Data Augmentation for Fake Reviews Detection in Multiple Languages and Multiple Domains
- URL: http://arxiv.org/abs/2504.06917v1
- Date: Wed, 09 Apr 2025 14:23:54 GMT
- Title: Data Augmentation for Fake Reviews Detection in Multiple Languages and Multiple Domains
- Authors: Ming Liu, Massimo Poesio,
- Abstract summary: We use large language models to generate datasets to train fake review detectors.<n>Our approach was used to generate fake reviews in different domains (book reviews, restaurant reviews, and hotel reviews) and different languages (English and Chinese)<n>The accuracy of our fake review detection model can be improved by 0.3 percentage points on DeRev TEST, 10.9 percentage points on Amazon TEST, 8.3 percentage points on Yelp TEST and 7.2 percentage points on DianPing TEST.

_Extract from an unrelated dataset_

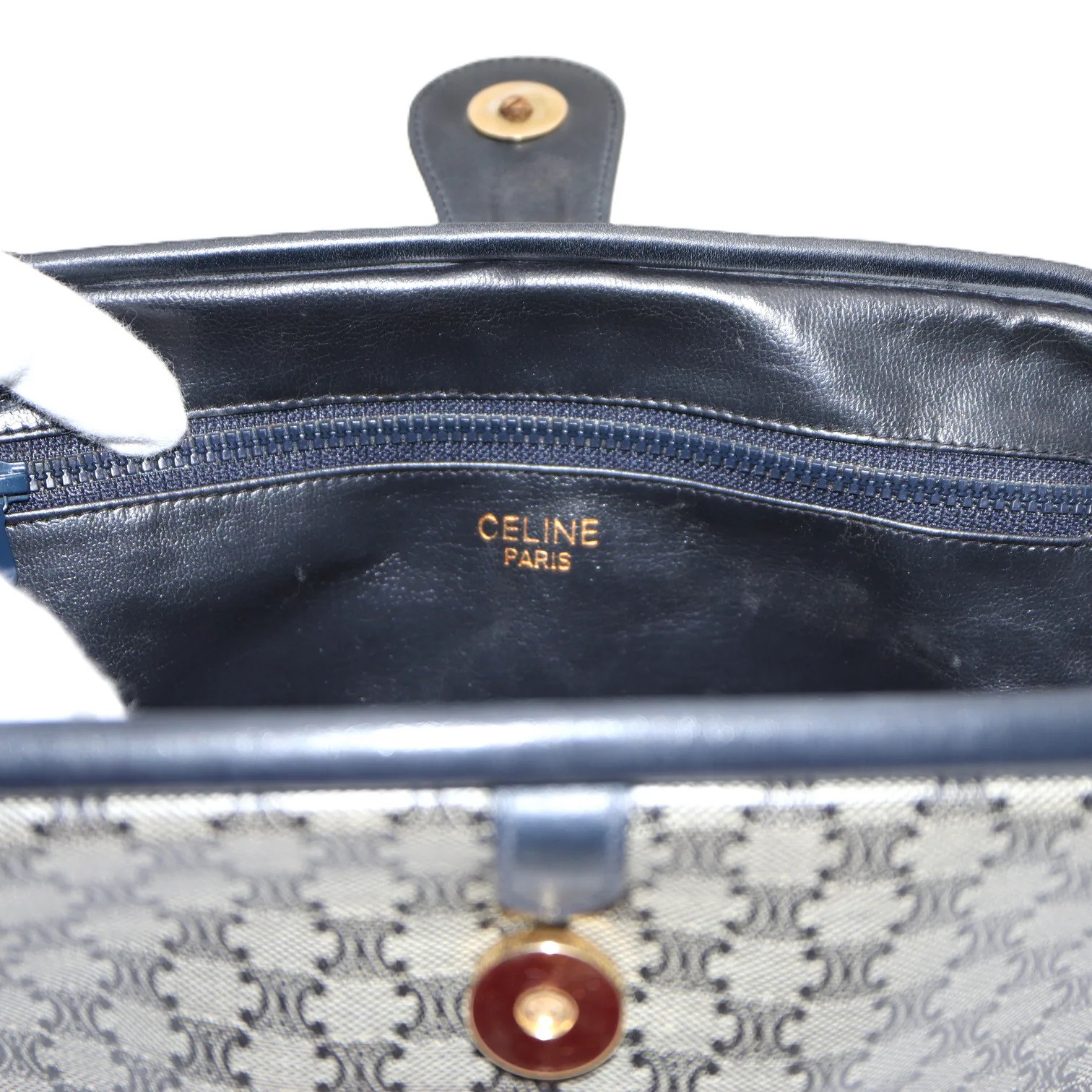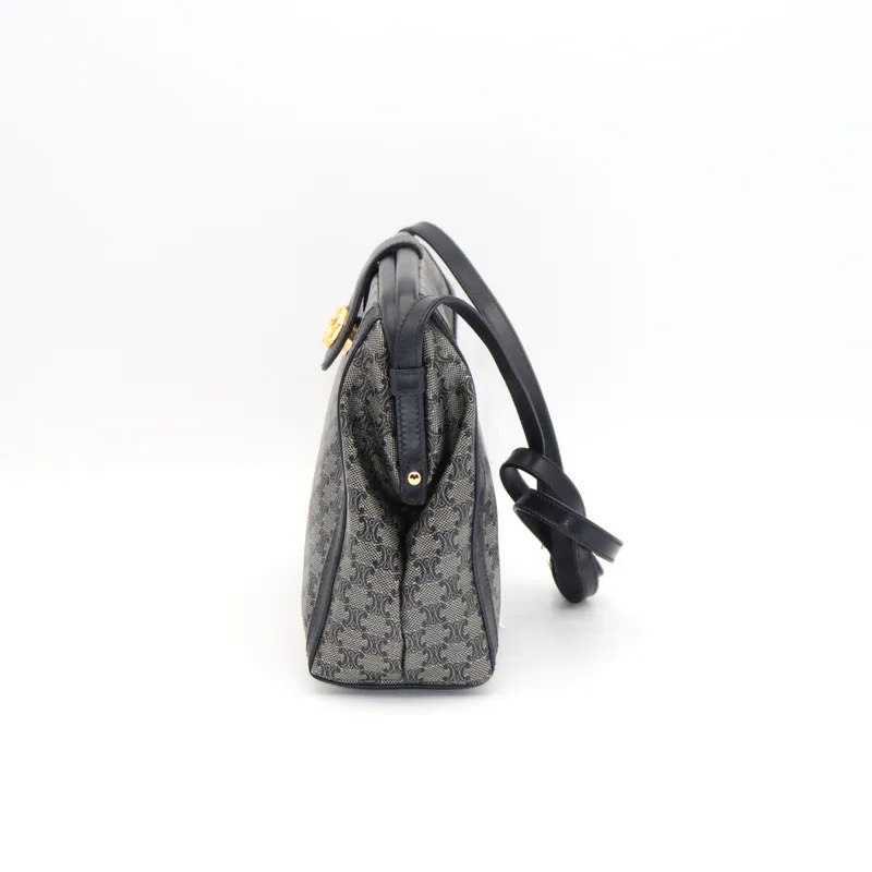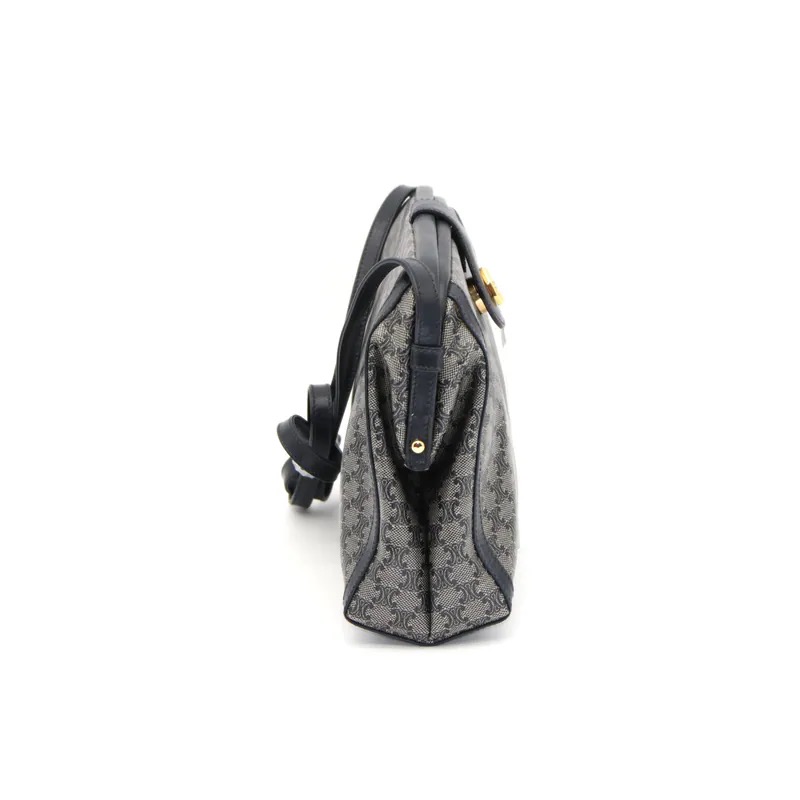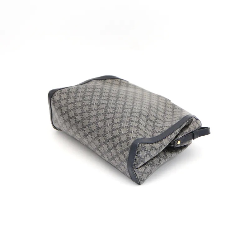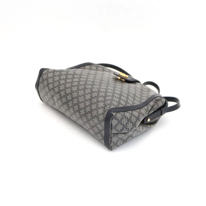 Ranking : AB Colour : Black X Navy X Gold Size : W23 X H18 X D7 cm Strap Length : 104 cm Material : PVC X Leather Remark : Outside leather minor frayed & scratches, Inside frayed and scratches

- Score: 10.064399146272228
- License: http://arxiv.org/licenses/nonexclusive-distrib/1.0/
- Abstract: With the growth of the Internet, buying habits have changed, and customers have become more dependent on the online opinions of other customers to guide their purchases. Identifying fake reviews thus became an important area for Natural Language Processing (NLP) research. However, developing high-performance NLP models depends on the availability of large amounts of training data, which are often not available for low-resource languages or domains. In this research, we used large language models to generate datasets to train fake review detectors. Our approach was used to generate fake reviews in different domains (book reviews, restaurant reviews, and hotel reviews) and different languages (English and Chinese). Our results demonstrate that our data augmentation techniques result in improved performance at fake review detection for all domains and languages. The accuracy of our fake review detection model can be improved by 0.3 percentage points on DeRev TEST, 10.9 percentage points on Amazon TEST, 8.3 percentage points on Yelp TEST and 7.2 percentage points on DianPing TEST using the augmented datasets.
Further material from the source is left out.